I pull her in closer to me, thinking if I hold her tighter she won’t be able to slip away from me, but I was wrong. That day, before the ambulance had even arrived, my sister died in my arms. And the moment she took her last breath was the exact moment ice froze over my heart. It was the same day I stopped living and only existed.

CHAPTER 1

Cade

Ten years later – Iraq

Trudging through the trees and dry patches of grass, I make my way to the location I have been coming to for the past three nights, and I immediately know she’s there again. Because the most beautiful voice that I’ve ever heard hits me and, like always, the sweet, soft sound of it is like a blow to my chest.

Seriously, why the fuck is that?

As I come up to the wide, grassy clearing, I spot her. She’s sitting cross-legged, strumming her guitar and singing what I think is country… shit I would never, ever listen to. But if I knew I’d always hear it from her voice I’d gladly listen to it every fucking day of my life.

Again I’m struck stupid by her beauty. Long, red hair cascades down her back in loose waves and the sight makes my fingers twitch, craving to know if it feels as soft as it looks. Instead of the usual sundresses I have been seeing her in, she’s wearing a white sleeveless top that hangs loosely off her small body and a pair of jean shorts. My eyes travel down her long, lean, bare legs and collide with a pair of cowgirl boots.

The way the sun has started to set – it casts a glow on her that doesn’t make her look real. It makes her look like something that people try to fill your head with, but I know is bullshit, a fucking angel. But if I did believe in angels, I’d swear this chick was one. Her entire persona screams innocence.

Three nights ago I left camp and went for a walk, needing to be alone. What was supposed to be a quick twenty-four hour mission has already turned into five days, and it seems it could be another week. I don’t mind being gone on missions, the longer the better. It’s not like I have anyone waiting for me back home. But since I’m always with a team, being around people constantly can make me agitated, and I need time to myself. Even if some of those guys are like brothers to me.

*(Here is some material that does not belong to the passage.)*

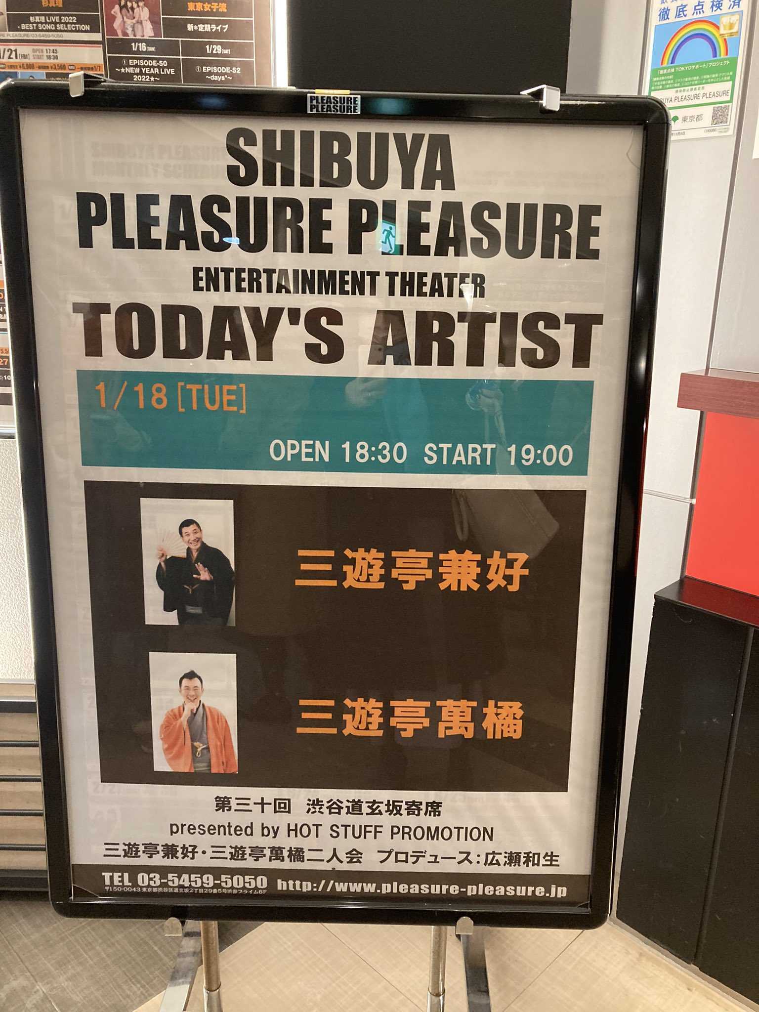 ダブルヘッダー第2試合は兼好さんと萬橘さんの2人会@渋谷 プレジャープレジャー。円楽党の「エース」兼好さんと「ホープ」萬橘さんの2人会。仲が良いようで、萬橘さんを故郷の会津若松まで兼好さんが連れて行くらしい。兼好さんの最新ニュースの毒にマミレタ、マクラ。頭の堅い方なら怒り出すようなことも、「動物のような目」をした兼好さんが言うと許せてしまい、客席は爆笑の渦。さん喬さん、志の輔さん、白鳥さん、三平さんを入れたネタも際どいが楽しい。萬橘さんのマクラも故郷の豊川市と会津若松市の順位を巡る戦い、日暮里のひぐらし亭の立ち退き問題など兼好さんの向こうを張った楽しさ。雪が降った時、水が凍り付く状況を客席が凍り付く様に重ねたリアルなギャグが一番良かった。1/18(火) 第三十回 渋谷道玄坂寄席 三遊亭兼好・三遊亭萬橘二人会@SHIBUYA PLEASURE PLEASUREpresented by HOT STUFF PROMOTIONプロデュース:広瀬和生一. 開口一番「真田小僧」三遊亭しゅりけん一.「天狗👺裁き」三遊亭兼好一.「しの字嫌い」三遊亭萬橘<仲入り>一.「開帳の雪隠」萬橘一.「三枚起請」兼好

On that walk, only a few short minutes from base, a sweet, soft laugh had caught my attention. Following the sound, I came up to this clearing and found her with a bunch of Iraqi kids. She was chasing after them while playing some game. The moment my gaze landed on her something happened inside my chest, something that I haven’t felt in years and I have no idea why. Sure she’s beautiful, but I’ve seen lots of beautiful women. Hell, I’ve fucked most of them too. Yet something about this chick had me staying in the trees, out of sight, and watching her until she left. She was all I thought about that entire night and the next day. Which really pissed me off.

So the next night I came back, hoping to catch another glimpse of her, wanting to reassure myself that I was being a fucking idiot and that she was not what I made her out to be. Instead of getting the reassurance I had wanted, that same feeling came back, except this time it was even more powerful, because she had a guitar and was singing. Her voice had rooted me to my spot, and had my breath stalling in my lungs. If it were possible it would have knocked me on my ass. I swear I have never heard anything like it before.

That night I sat for two hours and listened to her sing shit that I would never normally listen to. I felt like a fucking pervert, staying out of sight and spying on her, but there was no way I was getting any closer to her. I’m still trying to figure out how, after ten years of being completely numb, some beautiful, redheaded country girl evokes something in my chest that no one ever has. It’s far from warmth because I’m incapable of feeling that, but it’s still something.